Copy, word for word, the lines below from the one containing "The only bristles" up to and including the one containing "На крышке выделяется", with pictures left out.

**Given records:**
# # # #

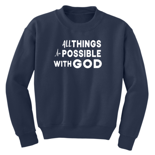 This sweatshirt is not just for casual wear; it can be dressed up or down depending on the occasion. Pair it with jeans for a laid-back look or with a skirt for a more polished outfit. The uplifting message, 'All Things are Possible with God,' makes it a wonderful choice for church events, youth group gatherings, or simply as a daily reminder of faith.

# # # #

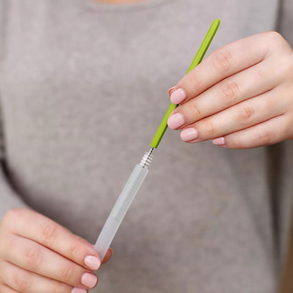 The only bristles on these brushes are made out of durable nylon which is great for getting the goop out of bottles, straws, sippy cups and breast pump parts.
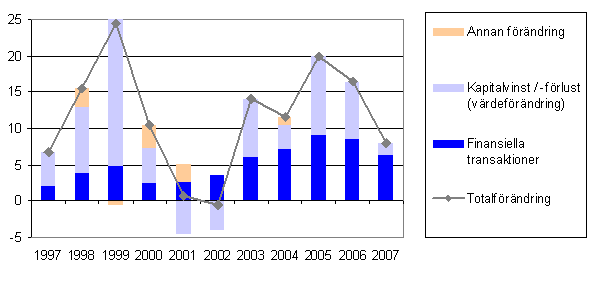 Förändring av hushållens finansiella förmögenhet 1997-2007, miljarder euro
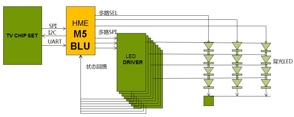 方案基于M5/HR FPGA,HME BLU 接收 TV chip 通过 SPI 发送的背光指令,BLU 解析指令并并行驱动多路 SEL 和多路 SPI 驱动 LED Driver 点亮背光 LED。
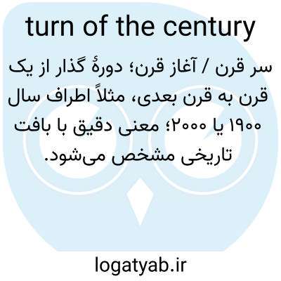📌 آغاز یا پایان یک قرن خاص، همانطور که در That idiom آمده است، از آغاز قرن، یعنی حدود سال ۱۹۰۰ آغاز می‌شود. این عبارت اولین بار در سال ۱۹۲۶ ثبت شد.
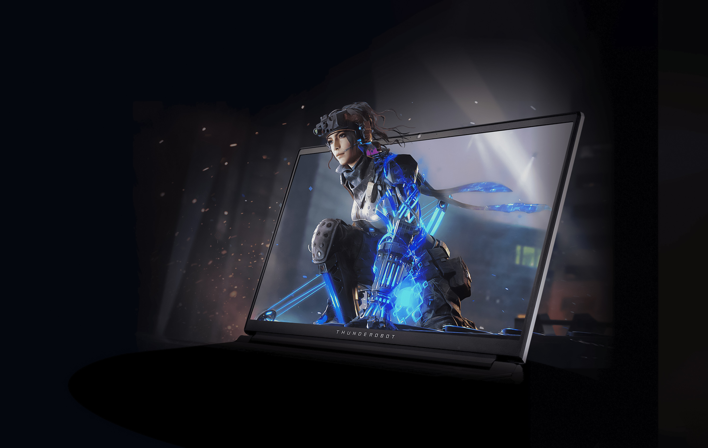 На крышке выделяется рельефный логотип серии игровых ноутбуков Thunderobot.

# # # #

**Answer to the exercise:**
 The only bristles on these brushes are made out of durable nylon which is great for getting the goop out of bottles, straws, sippy cups and breast pump parts.
 Förändring av hushållens finansiella förmögenhet 1997-2007, miljarder euro
 方案基于M5/HR FPGA,HME BLU 接收 TV chip 通过 SPI 发送的背光指令,BLU 解析指令并并行驱动多路 SEL 和多路 SPI 驱动 LED Driver 点亮背光 LED。
📌 آغاز یا پایان یک قرن خاص، همانطور که در That idiom آمده است، از آغاز قرن، یعنی حدود سال ۱۹۰۰ آغاز می‌شود. این عبارت اولین بار در سال ۱۹۲۶ ثبت شد.
 На крышке выделяется рельефный логотип серии игровых ноутбуков Thunderobot.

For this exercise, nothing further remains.